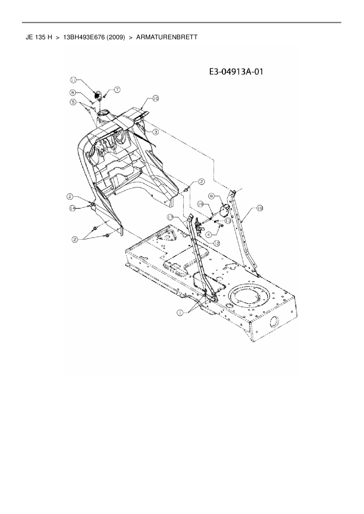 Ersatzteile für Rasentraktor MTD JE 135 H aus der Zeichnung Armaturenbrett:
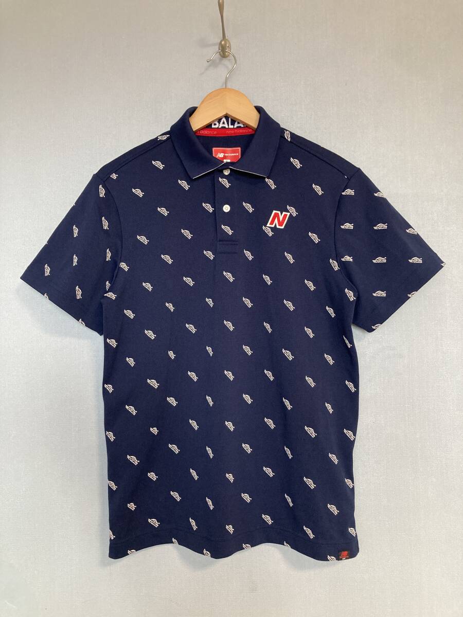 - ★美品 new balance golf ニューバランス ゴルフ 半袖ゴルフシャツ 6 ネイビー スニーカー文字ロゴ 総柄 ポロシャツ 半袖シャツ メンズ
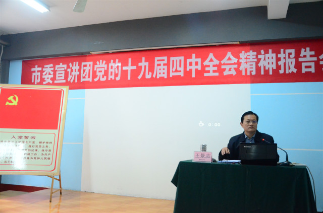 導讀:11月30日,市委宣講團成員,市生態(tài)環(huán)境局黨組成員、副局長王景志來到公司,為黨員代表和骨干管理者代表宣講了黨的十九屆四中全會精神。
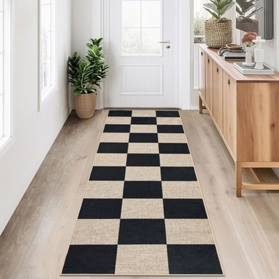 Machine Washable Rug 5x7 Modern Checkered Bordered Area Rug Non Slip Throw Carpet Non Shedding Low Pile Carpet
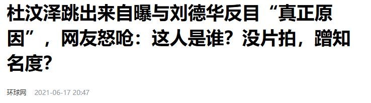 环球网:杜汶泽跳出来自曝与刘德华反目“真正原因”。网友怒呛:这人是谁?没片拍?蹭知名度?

******

What is needed is a word-for-word copy of the lines from the start of the data to the line with "導讀:11月30日,市委宣講", inclusive, with no pictures in it.

 Ersatzteile für Rasentraktor MTD JE 135 H aus der Zeichnung Armaturenbrett:
 - ★美品 new balance golf ニューバランス ゴルフ 半袖ゴルフシャツ 6 ネイビー スニーカー文字ロゴ 総柄 ポロシャツ 半袖シャツ メンズ
 導讀:11月30日,市委宣講團成員,市生態(tài)環(huán)境局黨組成員、副局長王景志來到公司,為黨員代表和骨干管理者代表宣講了黨的十九屆四中全會精神。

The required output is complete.